5) Pick your battles carefully.  Choose over standing for the important things and let the non important things go for another day.  Usually, it's the no-important things that drive us absolutely nutz.
6) Start slowly in making changes to benefit YOU.  Rome wasn't conquered in a day.  Start with one task at a time and the next day do a little more.
7)  It's OK to ask for outside help with specific tasks, but this means you must let go and let someone else do the task..
8) There is a book called the 36 hour day written specifically for caregivers.  It's a must have to read.
9)  Most states have a respite care program.  Check with county/state/local aging centers for information.
10) If the situation is so out of hand and you truly have had it, then talk to the doctor and put it in his/her hands.  If the doctor says this must be done, then it's out of your hands and it MUST be done.  Let the person be mad at the doctor and talk to them.  Know health care professionals deal with this ALL the time.  It really helps if we know that the caregiver wants intervention.  It's even more important that the recommendations be followed up if you seek our help.
11) Learn how to unarm a power struggle before it becomes an issue.  There is much literature on the net and local library.

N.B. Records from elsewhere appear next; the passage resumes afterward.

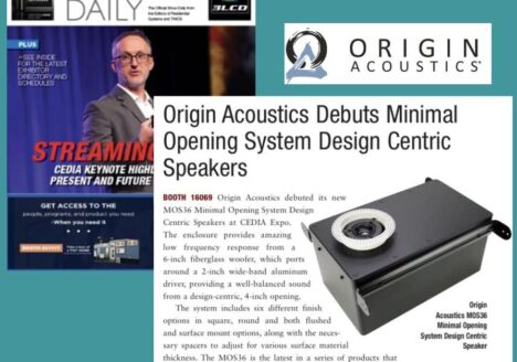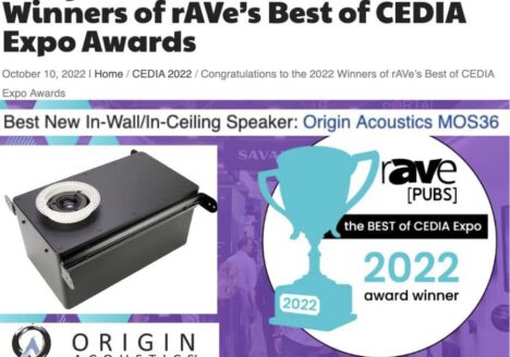 rAVe Publications: Origin Acoustics MOS36 Minimal Opening System Speaker Wins rAVe’s Best of CEDIA Expo Award- Best New In-wall / In-ceilings Speaker! Thank you rAVe! The new MOS36 easy to install enclosure provides amazing low frequency response from a 6” fiberglass woofer, which ports around a 2” wide-band aluminum driver, providing a well-balanced sound from…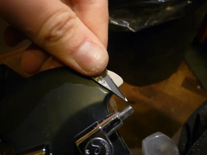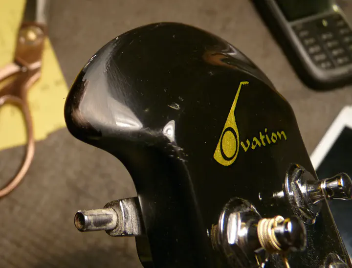 У гитары гастролирующего музыканта трудная жизнь. С ней ходят, бегают, ее постоянно перекладывают с места на место, возят в багажном отделении и так далее. Поэтому все выпирающие углы рано или поздно будут отбиты. В первую очередь те, которые выступают поперек древесных волокон. Как, например, на этом “Овейшне”: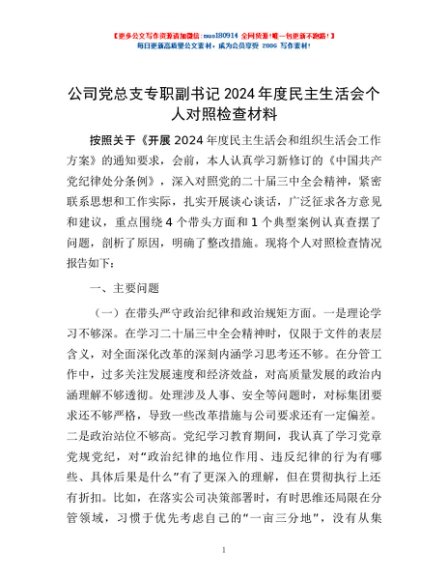/ 公司党总支专职副书记2024年度民主生活会个人对照检查材料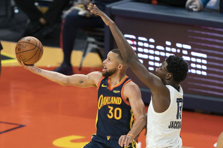 May 21, 2021; San Francisco, CA, USA; Golden State Warriors guard Stephen Curry (30) shoots the basketball against Memphis Grizzlies forward Jaren Jackson Jr. (13) during the third quarter at Chase Center. Mandatory Credit: Kyle Terada-USA TODAY Sports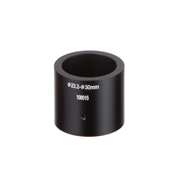 This ocular adapter allows you use a 23mm eyepiece or reduction lens with a 30mm ocular port. With this adapter, a camera with 23mm reduction lens can be mounted into a microscope's 30mm ocular port. This can also be used with 23mm telescoping eyepieces.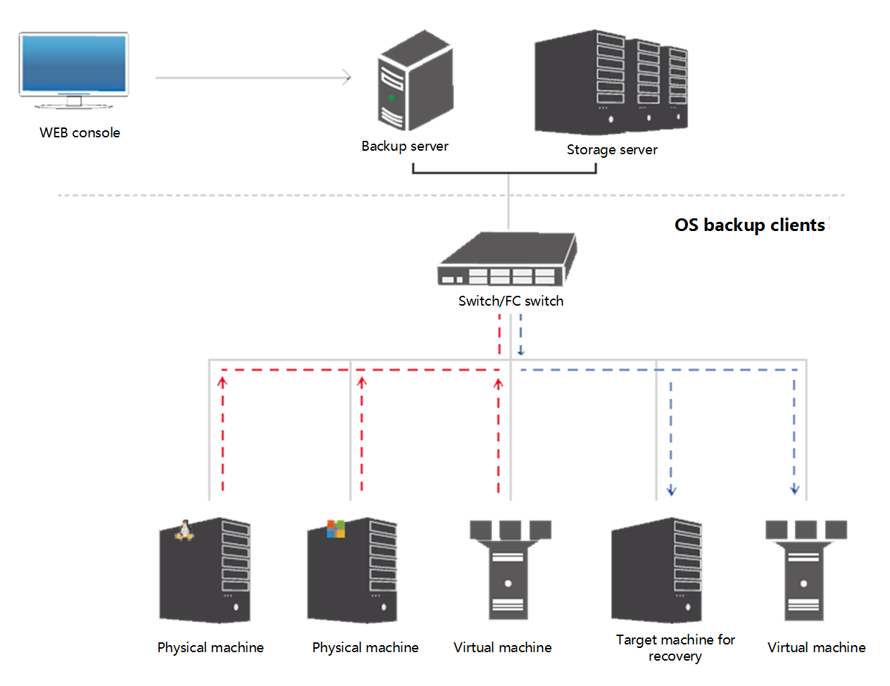It periodically backs up the OS according to your backup strategy and supports both full and incremental backup, which significantly shortens backup window and the volume of data to back up.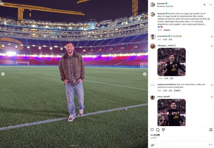 梅西:昨晚我重归一处我魂牵梦萦的地方。那个曾让我无比幸福的地方,你们让我无数次成为世上最幸福的人。但愿有天我能归来,不止是以球员身份作别——就像我始终未能完成的那样…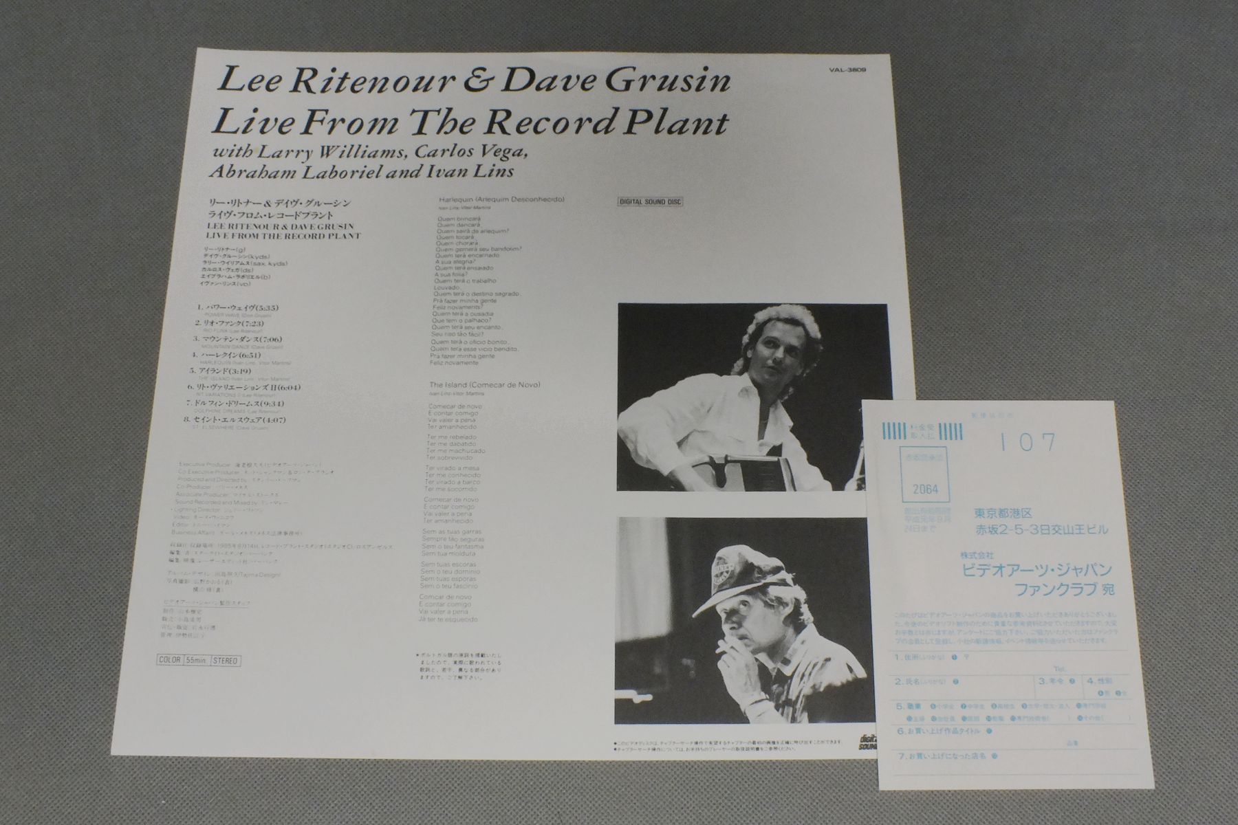 LEE RITENOUR & DAVE GRUSINリー・リトナー & デイヴ・グルーシン/LIVE FROM THE RECORD PLANTライブ・フロム・レコードプラント VAL-3809 製造国:日本盤 / Media:LD外観:EX+盤の状態:EX- 価格(税込):¥1,100 送料 7inch:定形外郵便 360円~LP:定形外郵便 660円~送料は、注文の最終画面で確認頂けます。 > > LEE RITENOUR & DAVE GRUSIN/LIVE FROM THE RECORD PLANT 外観 (EX+)特記事項:特記なし。外観EX+の共通説明:中古としては美品、一見してきれいでダメージが軽微。シミ、ヨゴレ、スレ有っても僅か~少し。 盤の状態 (EX-)特記事項:薄いスリキズ・細かい表面スレ多少ある感じ。殆どが軽微なものの様子です。盤EX-の共通説明:盤面のスリキズが多少有り。音に出そうなものは殆ど無いように見える~さほど気にならないぐらいの軽いプチ数カ所程度。 Tweet それぞれの画像をクリックすると、大きい写真が見られます こちらの商品もお勧めです 1,650円 LEE OSKAR / BEFORE THE RAIN 1,650円 LEE OSKAR / LEE OSKAR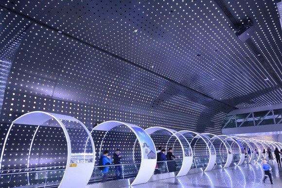 全程突出“云+”的概念,分為“云之‘家’‘夢’‘心’‘城’”四個空間,整體以“云”為設計主元素,既與“白云機場”的“云”相呼應,又寓意飛機穿越云端,與未來“云時代”對話。白云機場相關負責人介紹,打造特色“時空隧道”,通過前沿技術帶來科幻特色體驗,一方面重在增加地方特色和機場特色;另一方面提升旅客出行體驗。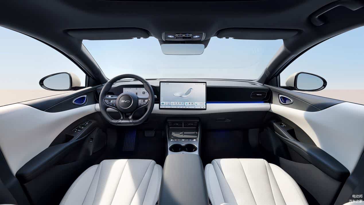 尾部是更为熟悉的海洋网设计,贯穿式波浪尾灯内部采用双L型LED灯带,与前脸形成设计对应,点亮后呈现流水动态效果,搭配可发光的BYD品牌LOGO,夜间辨识度极高。后包围扩散器造型与上翘的小鸭尾设计,展示出更为运动的设计风格。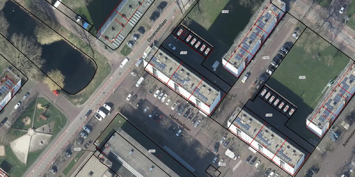 Het perceel waarop Hoefbladlaan 38 staat heeft een oppervlakte van 760 m². Dit is een groot perceel. De perceeloppervlakte wordt geregistreerd door het Kadaster. Gedetailleerde informatie over de maten van dit perceel kunt u vinden in het rapport Kadastrale kaart met maatvoering van Hoefbladlaan 38.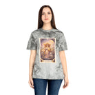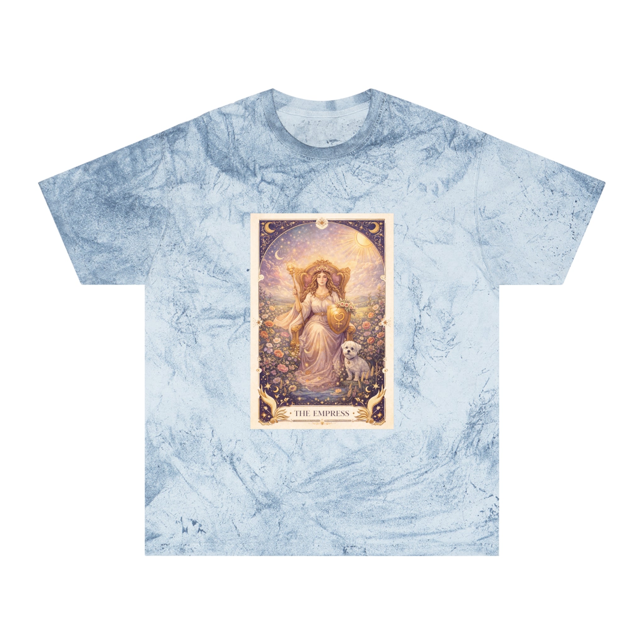Printed on a Comfort Colors Color Blast tee, this shirt feels rich, warm, and effortlessly regal. The garment-dyed, marbled fabric creates a sun-kissed, vintage softness that makes the artwork feel timeless — like a sacred image passed down through generations. Each tee is uniquely dyed, ensuring no two are exactly alike, just like the creative force you carry.

I'll take my own advice and start slow with my suggestions.  Try these 11 things first, let me know how it goes.  I'll check back often now that I've found this site.

Good luck,
Reirei

I love the thought of "don't feel guilty" - but how do you do that?

I love that thought of '(  dont feel guilty ): But rmember i said try and not go on the guilt trip, as i have been on one since my mom and daugher Passed away, .i wanted to be there for both, but could not,  i do hope things are better for you   luck  jo

I like how honest you seem to be and how much you care about your wife.  Your MIL sounds like my mom kind of, or how she used to be.  She's bipolar and is currently being taken care of by her parents, who are in their 80s and not doing very well.  She has always been depressing to be around, but she kind of went off the deep end a few years ago and started, for lack of a better word, destroying everyone and everything around her.  I have no idea what I'm supposed to do with her when she becomes my responsibility, but I cannot live with her.  Ever.  She drives me crazy, in a literal sort of way.  Nothing wrong with knowing your boundaries, I guess.  My heart goes out to you and your wife.  Please know that nothing lasts forever, no matter how awful.  And no matter how hard a time she is having or how her mother might make her feel about her or about herself and regardless of what happens later, the fact that your wife has made it this long shows how strong and good she is.  I hope she knows that.  I don't really have anything helpful to say, just that I hope you both know how good you are.  Sometimes it helps to know that.